Резкое неприятие современных Базаровых, перешедших от отвлеченного огульного отрицания к практике бесовского все отрицания (убийствам и разрушению), характерно для убеждений Достоевского в период работы над «Бесами». Автор, безусловно, опирается на учение Феофана Затворника, который писал: «Мы в мире живем, и потому нельзя не сталкиваться с тем, что в нем происходит, но в том, что сталкиваемся, еще не лежит какая-нибудь необходимость увлекаться всем наряду с другими. Напротив, тут-то и призыв сознавшим истину стоять за нее и обличать ложь». Поэтому писатель старался в образе П. Верховенского обличить некоторую «симпатичность» нигилизма, показать его лживость и крайние проявления.

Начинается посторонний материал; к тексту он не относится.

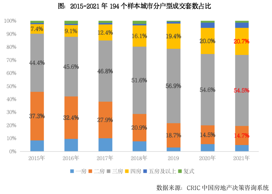 受限貸政策影響,大量改善性需求被壓制。2021年,改善性需求相對(duì)堅(jiān)挺,據(jù)CRIC重點(diǎn)監(jiān)測的 194個(gè)樣本城市成交結(jié)構(gòu)數(shù)據(jù)顯示,三房成交套數(shù)占比高達(dá)54.5%,四房成交占比穩(wěn)步提升至20.7%。但受限貸政策影響,不少城市二套房首付比例都在50%以上,部分城市更是達(dá)到70%乃至80%,很大程度上提升了改善性客群首付款支出壓力,大量改善性需求被壓制。

Писатель видит в нигилистах - «бесах» - вырождение базаровского типа, отвратительную «нигилятину», опошление некогда величественной идей, «вышедшей на улицу». И это потому, как верно в свое время заметил С.Н. Булгаков, Верховенским-младшим уже владеет дух бесовства. «В сцене Верховенского со Ставрогиным, - говорил философ, - ... Верховенский как будто развоплощается, становится прозрачным, и видно, как адским пламенем дышит на Ставрогина одержащий его дух..Провокатор сам оказывается жертвой провокации, одержащая его сила зла не встречает в нем сопротивления и, превращая его в свою личину или «скорлупу», делает его своим орудием». «Я ведь мошенник, а не социалист, - говорит о себе Петр Верховенский, - слушайте, я их всех сосчитал: учитель, смеющийся с детьми над их Богом и над их колыбелью, уже наш. Адвокат, защищающий образованного убийцу, уже наш. Школьники, убивающие мужика, чтобы испытать ощущение, наши. Присяжные, оправдывающие преступников, сплошь наши». Выражая свою интерпретацию нигилиста (беса) - Петра Верховенского - Достоевский лишает его высокого, трагического начала, присущего нигилисту Базарову, - того начала, которое свидетельствует о великом, беспокойном и тоскующем сердце героя И.С. Тургенева. Петр Верховенский - бесконечно сниженный и опошленный Базаров, лишенный его незаурядного ума, природного чувства собственного достоинства и величия. Базаровские сухость, жесткость, резкость, грубоватая прямота, доведенные до своего логического предела, переходят у Верховенского в открытое хамство, наглость, полную бессердечность; гордость и самолюбие Базарова - в мелкую самовлюбленность и самодовольство Петра Верховенского. Критик Н.Н. Страхов, современник писателя, говорил, что нигилисты Достоевского существенно отличаются от их литературных предшественников, так как Достоевский «взял задачу сколь возможно глубже, задачу более трудную, чем осмеивание безобразных натур пустых и малокровных».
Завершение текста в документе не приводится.